## Exercise aim
Your answer should be an exact copy of the lines from the one containing "Το νέο βιβλίο" through the last line of the records below, without any pictures.

[Saved entries]
════════════════════

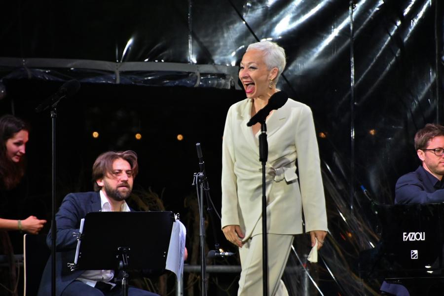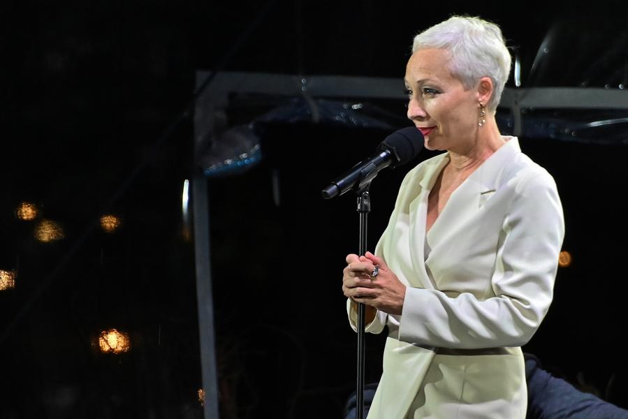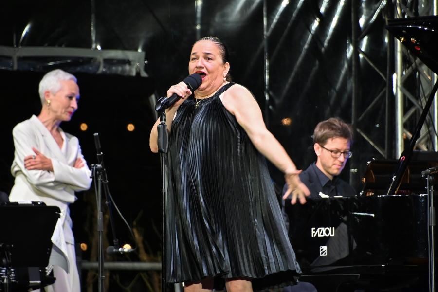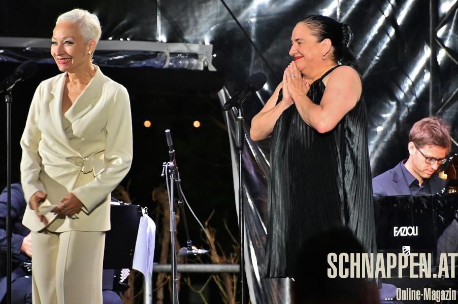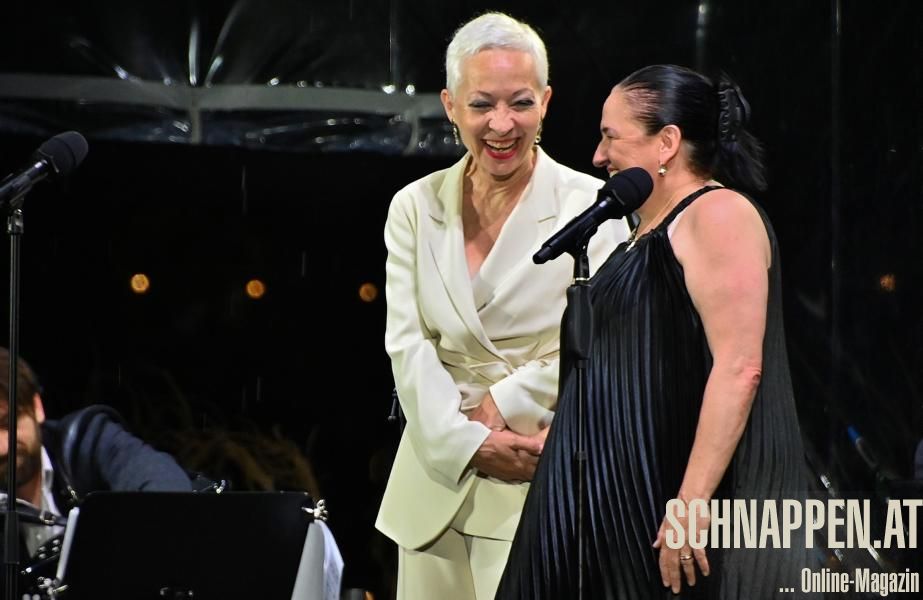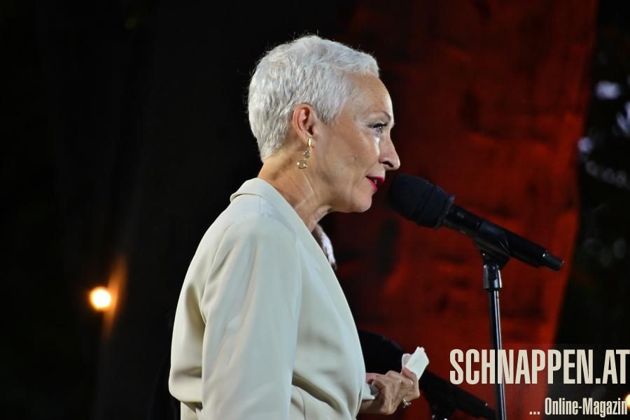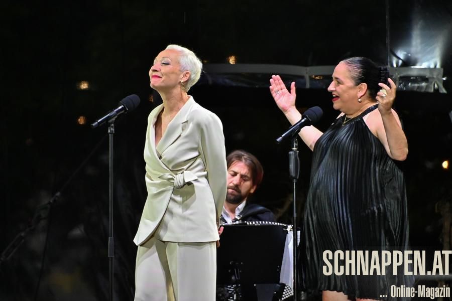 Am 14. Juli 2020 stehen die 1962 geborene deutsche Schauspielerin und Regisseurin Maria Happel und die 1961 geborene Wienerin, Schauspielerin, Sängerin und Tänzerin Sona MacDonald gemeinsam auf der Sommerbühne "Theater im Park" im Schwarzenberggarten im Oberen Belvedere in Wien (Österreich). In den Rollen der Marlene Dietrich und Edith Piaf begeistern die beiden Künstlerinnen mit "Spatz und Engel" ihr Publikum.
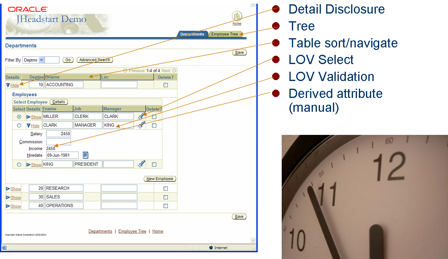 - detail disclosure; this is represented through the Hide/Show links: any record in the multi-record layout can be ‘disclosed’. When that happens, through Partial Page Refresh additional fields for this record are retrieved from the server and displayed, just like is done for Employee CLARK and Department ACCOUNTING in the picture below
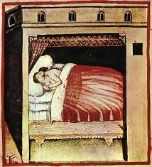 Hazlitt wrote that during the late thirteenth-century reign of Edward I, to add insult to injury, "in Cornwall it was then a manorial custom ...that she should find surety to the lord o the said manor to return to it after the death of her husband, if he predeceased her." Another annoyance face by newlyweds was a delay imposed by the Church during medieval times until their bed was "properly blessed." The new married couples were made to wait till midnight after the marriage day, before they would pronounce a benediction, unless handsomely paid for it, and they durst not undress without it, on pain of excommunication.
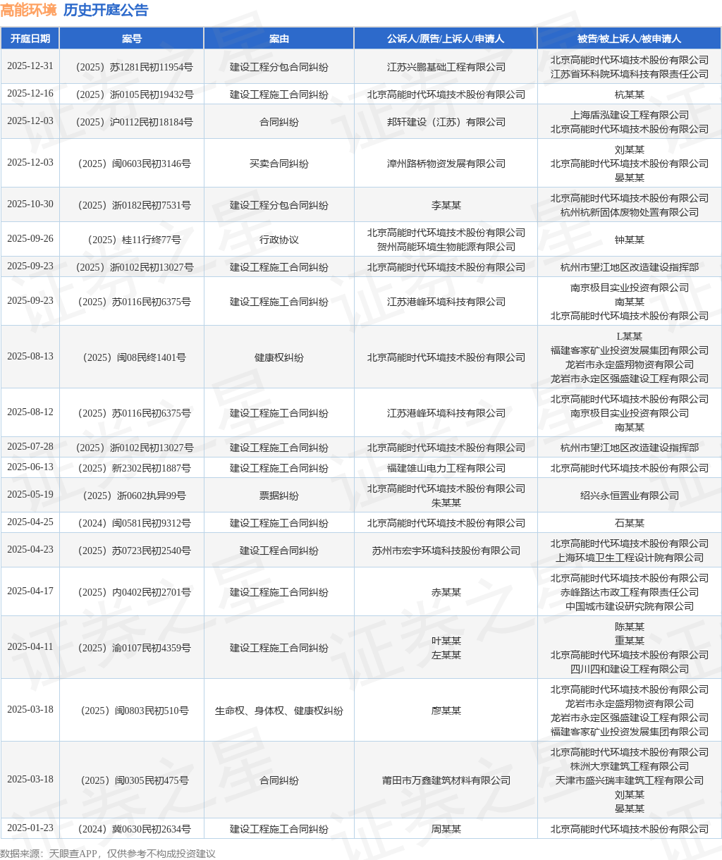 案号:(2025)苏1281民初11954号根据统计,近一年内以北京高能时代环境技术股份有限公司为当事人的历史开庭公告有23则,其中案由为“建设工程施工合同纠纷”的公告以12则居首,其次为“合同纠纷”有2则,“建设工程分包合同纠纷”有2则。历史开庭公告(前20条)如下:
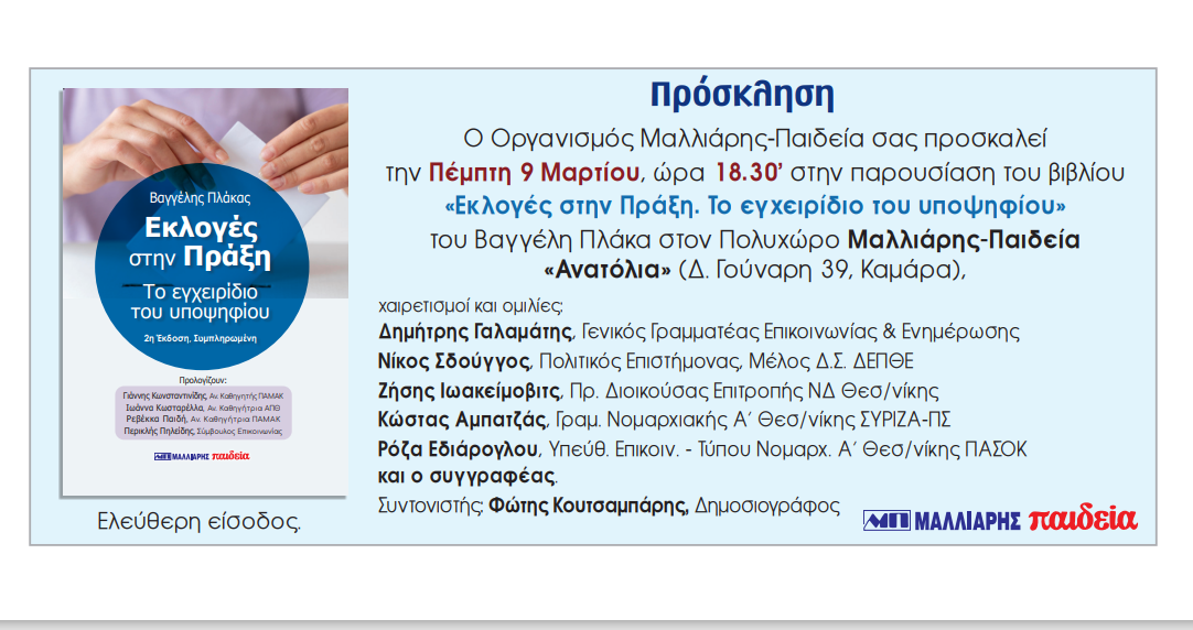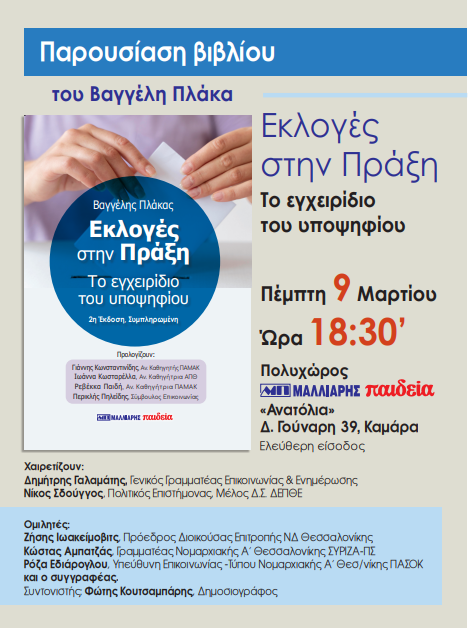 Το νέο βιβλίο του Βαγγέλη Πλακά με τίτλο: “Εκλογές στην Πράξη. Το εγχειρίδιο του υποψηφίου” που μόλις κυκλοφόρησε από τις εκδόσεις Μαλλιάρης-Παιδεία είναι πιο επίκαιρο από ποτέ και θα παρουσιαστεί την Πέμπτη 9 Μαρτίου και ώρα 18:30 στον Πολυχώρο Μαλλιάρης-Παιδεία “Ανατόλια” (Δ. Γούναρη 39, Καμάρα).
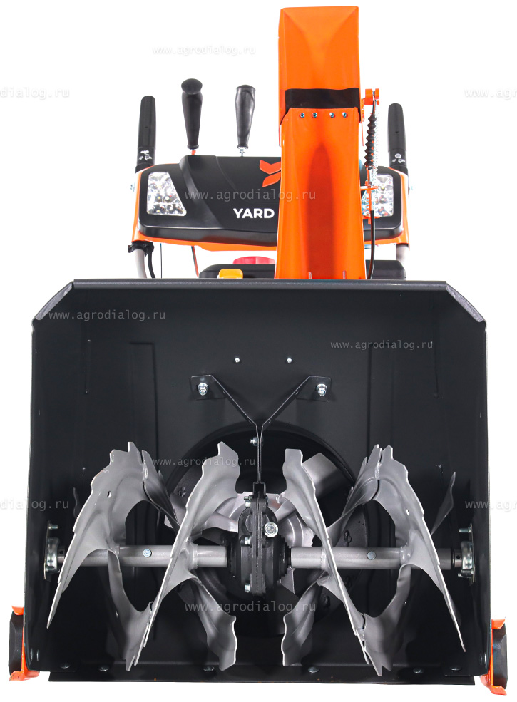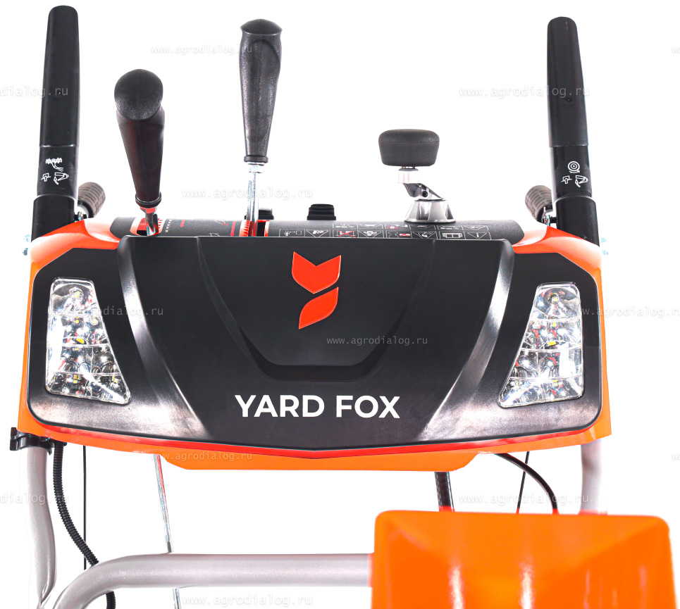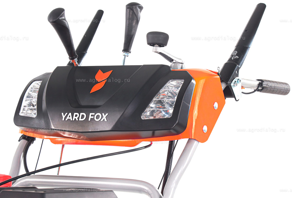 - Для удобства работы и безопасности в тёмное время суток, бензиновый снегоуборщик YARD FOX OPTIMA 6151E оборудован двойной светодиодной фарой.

════════════════════

## Answer box
 Το νέο βιβλίο του Βαγγέλη Πλακά με τίτλο: “Εκλογές στην Πράξη. Το εγχειρίδιο του υποψηφίου” που μόλις κυκλοφόρησε από τις εκδόσεις Μαλλιάρης-Παιδεία είναι πιο επίκαιρο από ποτέ και θα παρουσιαστεί την Πέμπτη 9 Μαρτίου και ώρα 18:30 στον Πολυχώρο Μαλλιάρης-Παιδεία “Ανατόλια” (Δ. Γούναρη 39, Καμάρα).
 - Для удобства работы и безопасности в тёмное время суток, бензиновый снегоуборщик YARD FOX OPTIMA 6151E оборудован двойной светодиодной фарой.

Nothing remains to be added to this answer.